WHAT NEEDS TO BE DONE:
The answer is the data repeated in full, with no pictures included.

COLLECTED DATA:
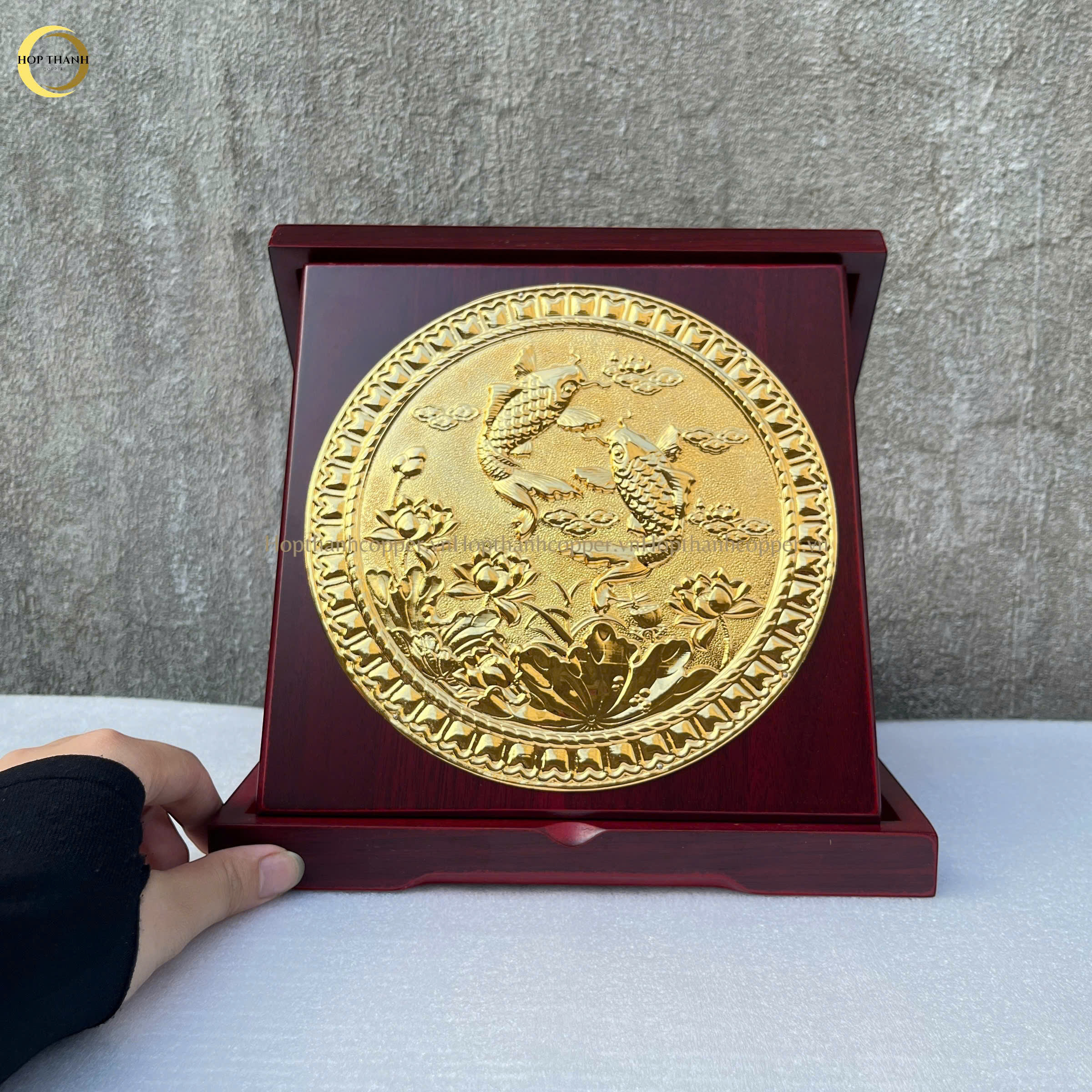 TRANH CÁ CHÉP HOA SEN - SONG NGƯ CÁT HẠNH BẰNG ĐỒNG MẠ VÀNG 24K (ĐƯỜNG KÍNH 24X24CM)
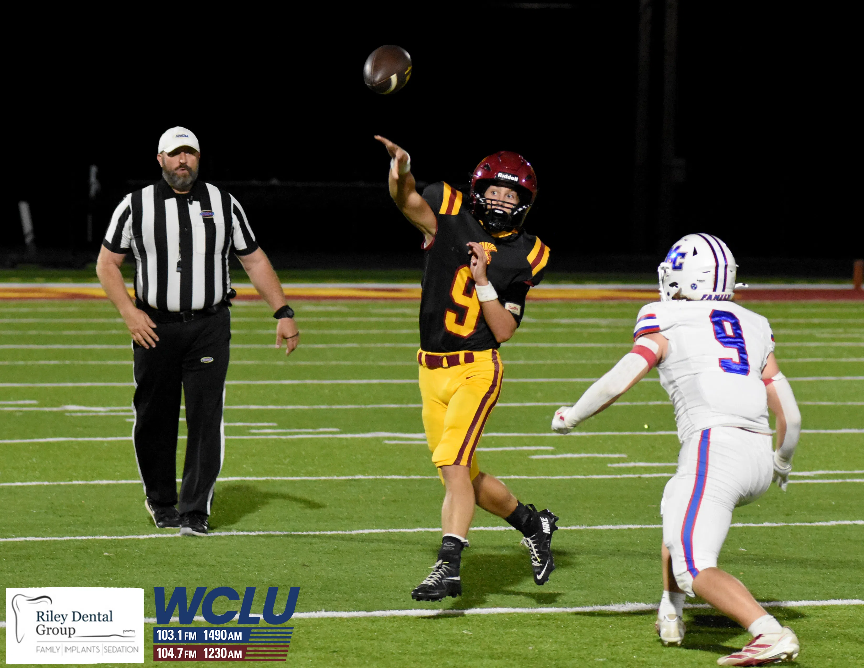 Barren County’s Briggs Harris passes the ball against Macon County, Tenn. The Trojans lost, 29-14. James Brown/WCLU Sports
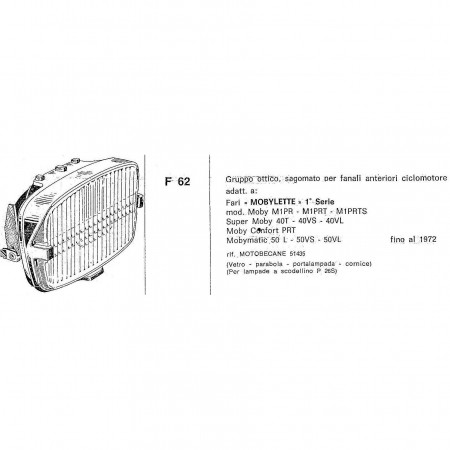 (R.330) Vendo gruppo ottico fanale anteriore per Motobecane Moby M1PR - M1PRT - M1PRTS - Super Moby 40T - 40VS - 40VL - Moby Comfort - Mobymatic 50L - 50VS - 50VL fino al 1972 con codice Motobecane 51435 , il prezzo si intende per singolo pezzo , per misure e applicazioni vedere foto , disponibili più modelli :

EXERCISE ANSWER:
 TRANH CÁ CHÉP HOA SEN - SONG NGƯ CÁT HẠNH BẰNG ĐỒNG MẠ VÀNG 24K (ĐƯỜNG KÍNH 24X24CM)
 Barren County’s Briggs Harris passes the ball against Macon County, Tenn. The Trojans lost, 29-14. James Brown/WCLU Sports
 (R.330) Vendo gruppo ottico fanale anteriore per Motobecane Moby M1PR - M1PRT - M1PRTS - Super Moby 40T - 40VS - 40VL - Moby Comfort - Mobymatic 50L - 50VS - 50VL fino al 1972 con codice Motobecane 51435 , il prezzo si intende per singolo pezzo , per misure e applicazioni vedere foto , disponibili più modelli :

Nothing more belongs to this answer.